If we want our sub-plots in two rows and single column, we can pass arguments <i>(2,1,1)</i> and <i>(2,1,2)</i>

In [None]:
x = np.linspace(0, 2, 100)

plt.figure(figsize = (10,10))  # Set Figure size 

plt.subplot(2,1,1)
plt.plot(x, x, 'v-', label='linear')  # Plot some data on the (implicit) axes.
plt.title("1st subplot")
plt.xlabel('x label') # Add an x-label to the axes.
plt.ylabel('y label') # Add an y-label to the axes.
plt.legend() # Add a legend.

plt.subplot(2,1,2)
plt.plot(x, x**2, 'go', label='quadratic')  # Plot more data on the axes...
plt.plot(x, x**3, '--', label='cubic') # Plot more data on the axes...
plt.title("2nd subplot")
plt.xlabel('x label') # Add an x-label to the axes.
plt.ylabel('y label') # Add an y-label to the axes.
plt.legend() # Add a legend.

plt.suptitle("My Sub-Plot") # Add a title to the axes.
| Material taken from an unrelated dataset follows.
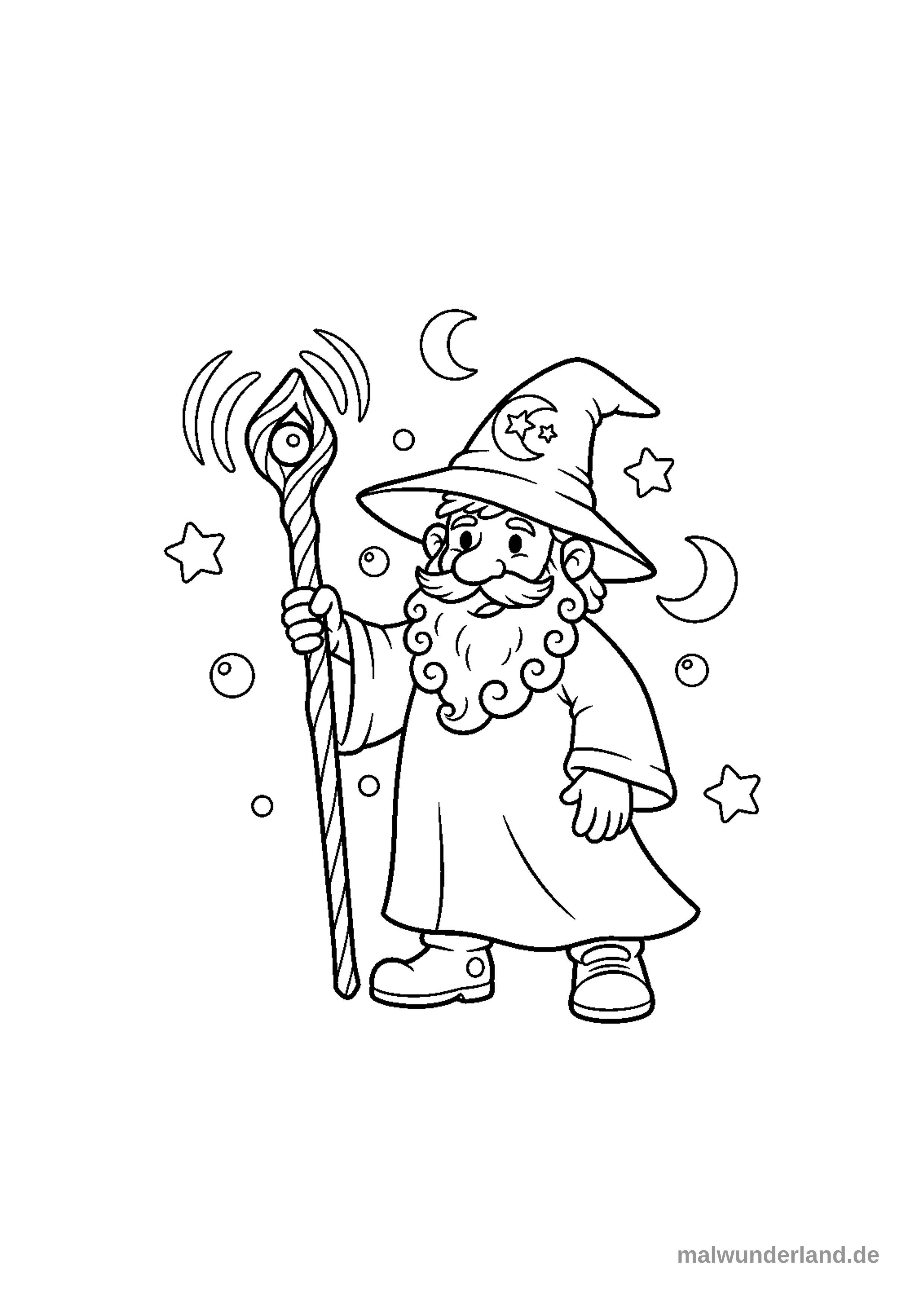 Ein freundlicher Zeichentrick-Zauberer mit einem großen spitzen Hut und langem Bart steht da und hält einen magischen Stab mit leuchtenden Wellen. Um ihn herum schweben Sterne, Monde und kleine Kugeln, die eine zauberhafte Atmosphäre schaffen.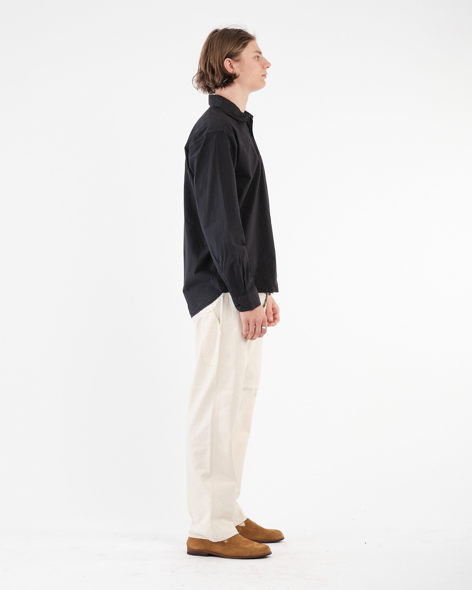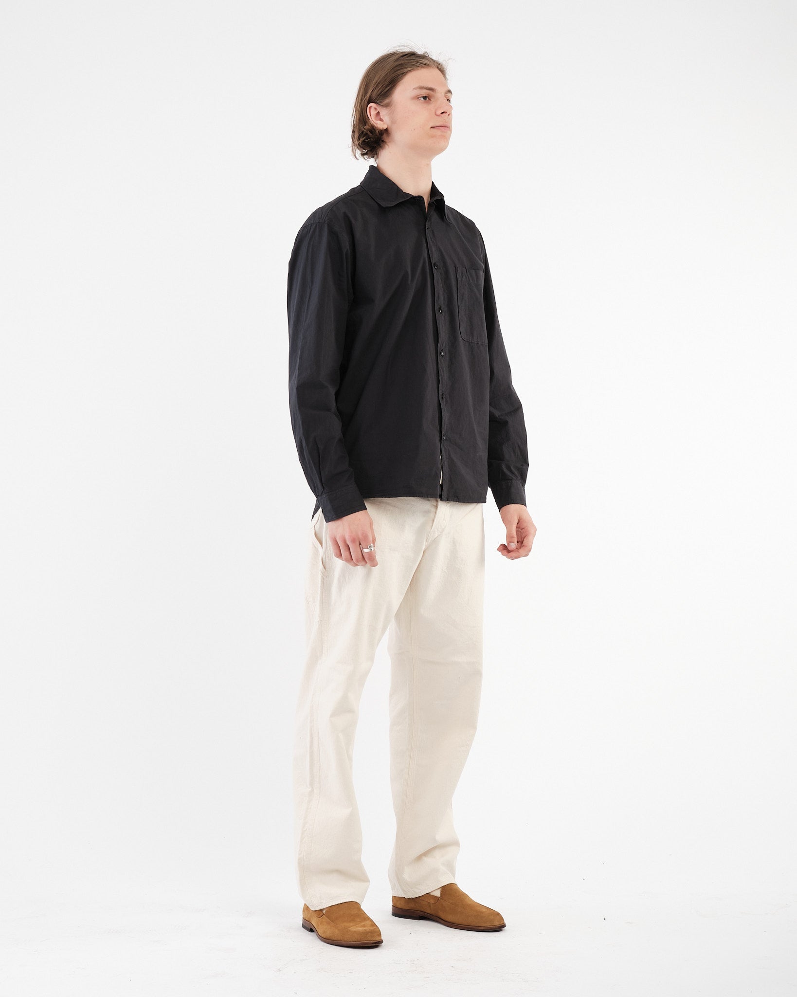 Ontworpen met een ontspannen pasvorm, lange mouwen, en een rugplooi voor bewegingsvrijheid, het heeft ook functionele details zoals een borstzak, corozo vissenoogknopen, en een gedrukt canvas label. Geen krimp, geen onzin - gewoon tijdloze, gemakkelijke stijl waar je steeds weer naar zult grijpen.

plt.show()  # Show the plot

In [None]:
x = np.linspace(0, 2, 100)

plt.figure(figsize = (10,5))  # Set Figure size 

plt.subplot(2,2,1)
plt.plot(x, x, 'v-', label='linear')  # Plot some data on the (implicit) axes.
plt.title("1st subplot")
plt.ylabel('y label') # Add an y-label to the axes.
plt.legend() # Add a legend.

plt.subplot(2,2,2)
plt.plot(x, x**2, 'go', label='quadratic')  # Plot more data on the axes...
plt.title("2nd subplot")
plt.ylabel('y label') # Add an y-label to the axes.
plt.legend() # Add a legend.

plt.subplot(2,2,3)
plt.plot(x, x**3, '--', label='cubic') # Plot more data on the axes...
plt.xlabel('x label') # Add an x-label to the axes.
plt.ylabel('y label') # Add an y-label to the axes.
plt.legend() # Add a legend.

plt.subplot(2,2,4)
plt.plot(x, x**4, '--', label='4th') # Plot more data on the axes...
plt.xlabel('x label') # Add an x-label to the axes.
plt.ylabel('y label') # Add an y-label to the axes.
plt.legend() # Add a legend.

plt.suptitle("My Sub-Plot") # Add a title to the axes.
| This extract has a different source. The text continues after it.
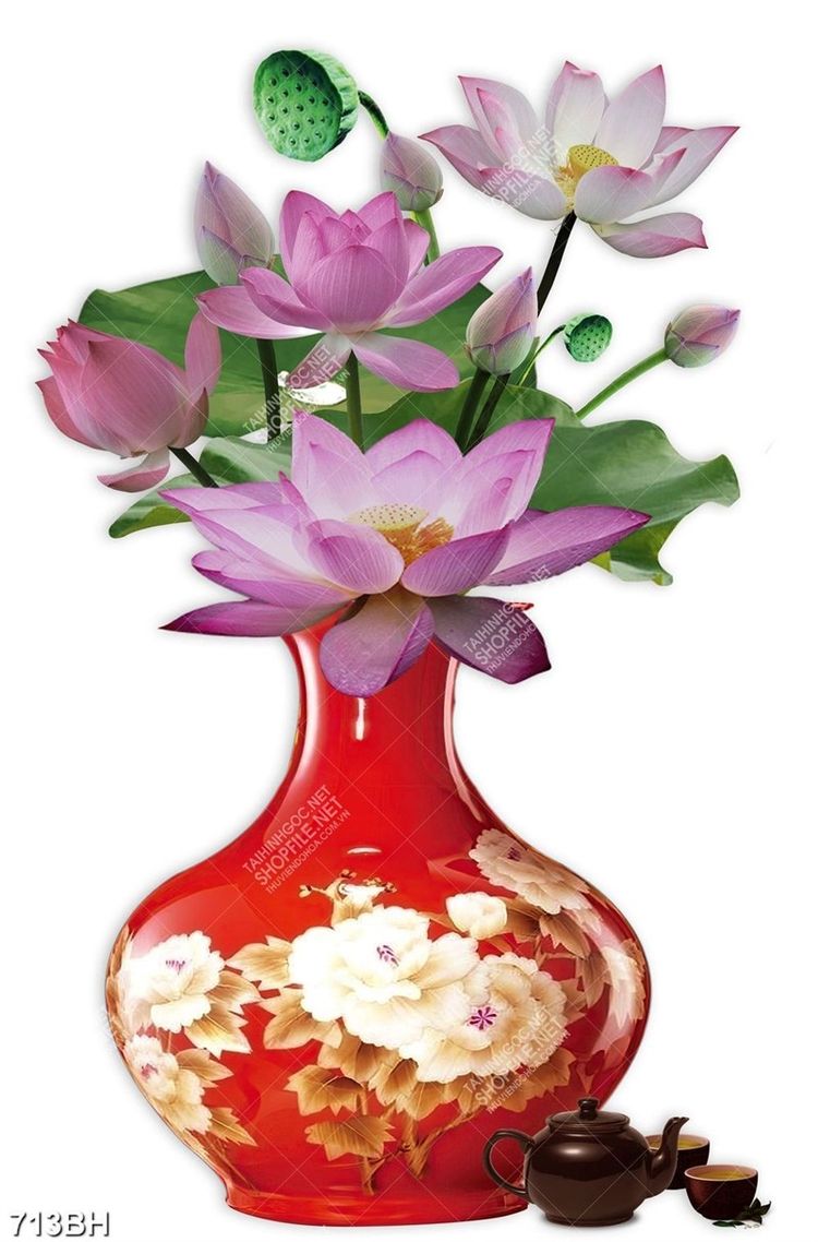 Tranh bình hoa 3d những bông hoa sen hồng trong chiếc bình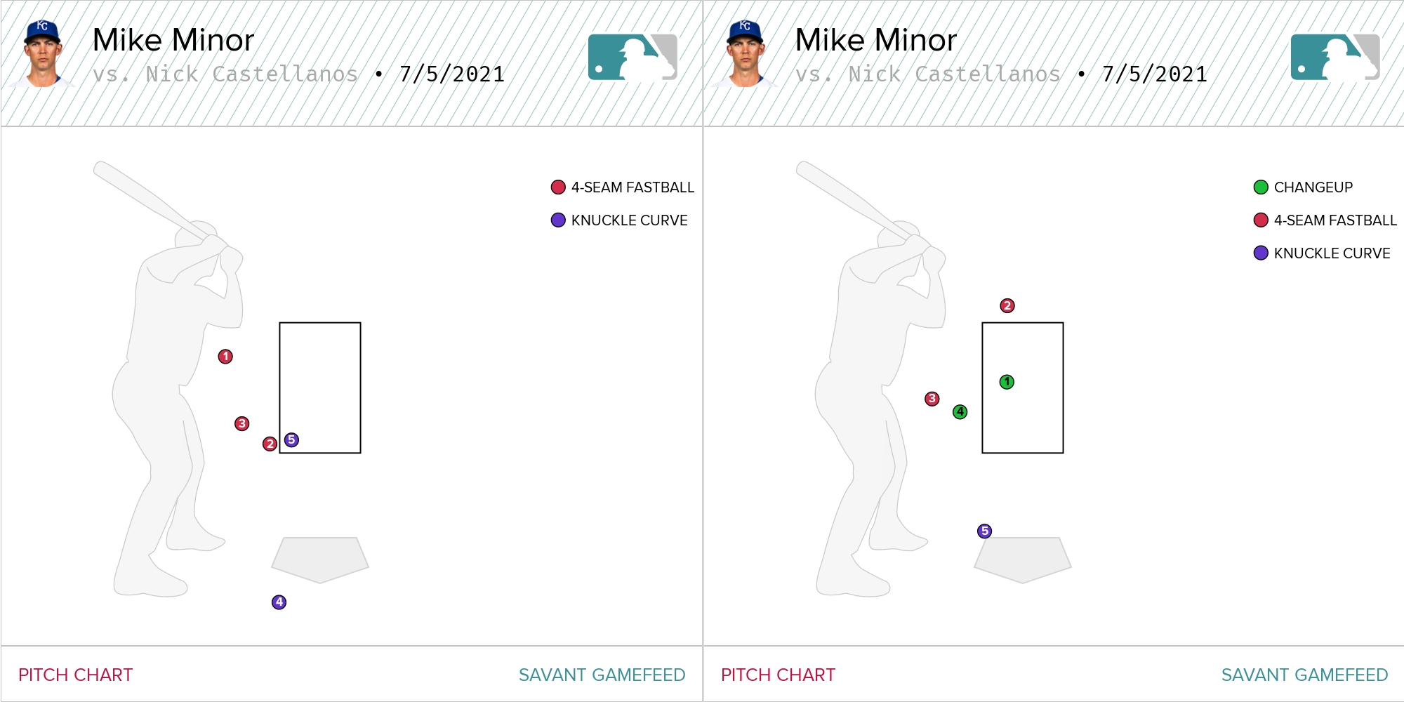 In the first two duels, Minor threw exactly two pitches in the zone. He worked Castellanos carefully. The pitch charts underscore this. The chart on the left is the strikeout in the first, the chart on the right is the strikeout in the fourth.

plt.show()  # Show the plot


## Creating Different Types of Graphs with Pyplot

### 1) Histogram
Histograms are a very common type of plots when we are looking at data like height and weight, stock prices, waiting time for a customer, etc which are continuous in nature. Histogram’s data is plotted within a range against its frequency. Histograms are very commonly occurring graphs in probability and statistics and form the basis for various distributions like the normal -distribution, t-distribution, etc. In the following example, we generate a random continuous data of 1000 entries and plot it against its frequency with the data divided into 10 equal strata. We have used NumPy’s random.randn() method which generates data with the properties of a standard normal distribution i.e. mean = 0 and standard deviation = 1, and hence the histogram looks like a normal distribution curve.

In [None]:
# Plot Histogram
x = np.random.randn(1000)

plt.title('Histogram')
plt.xlabel('Random Data') # Add an x-label to the axes.
plt.ylabel('Frequency') # Add an y-label to the axes.
plt.hist(x, 10)  # 10 is the number of bins
plt.show()

In [None]:
# Population Histogram
plt.title('Population Histogram')
plt.xlabel('Population') # Add an x-label to the axes.
plt.ylabel('Frequency') # Add an y-label to the axes.
plt.hist(population, 100)  # 10 is the number of bins
plt.show()

In [None]:
# Area Histogram
plt.title('Area Histogram')
plt.xlabel('Area') # Add an x-label to the axes.
plt.ylabel('Frequency') # Add an y-label to the axes.
plt.hist(area, 50)  # 10 is the number of bins
plt.show()

In [None]:
# Plot Histogram
x = np.random.randn(1000)

plt.title('Histogram')
plt.xlabel('Random Data') # Add an x-label to the axes.
plt.ylabel('Frequency') # Add an y-label to the axes.
plt.hist(x, 100)  # 10 is the number of bins
plt.show()

### 2) Scatter Plots 
Scatter plots are widely used graphs, especially they come in handy in visualizing a problem of regression. In the following example, we feed in arbitrarily created data of height and weight and plot them against each other. We used xlim() and ylim() methods to set the limits of X-axis and Y-axis respectively.

In [None]:
# Scatter Plot
height = np.array([167,170,149,165,155,180,166,146,159,185,145,168,172,181,169])
weight = np.array([86,74,66,78,68,79,90,73,76,8,66,84,67,84,77])

plt.xlim(140,200)
plt.ylim(60,100)
plt.scatter(height, weight)  # Scatter Plot 
plt.title("Scatter Plot")
plt.xlabel('Height') # Add an x-label to the axes.
plt.ylabel('Weight') # Add an y-label to the axes.
plt.show()

### 3) Pie Charts
One more basic type of chart is a Pie chart which can be made using the method <i>pie()</i> We can also pass in arguments to customize our Pie chart to show shadow, explode a part of it, tilt it at an angle as follows:

In [None]:
# Pie Chart
firms = ['Firm A','Firm B','Firm C','Firm D','Firm E']
marketShare = [25,25,15,10,20]
Explode = [0,0.1,0,0,0]   # only "explode" the 2nd slice (i.e. 'Firm B')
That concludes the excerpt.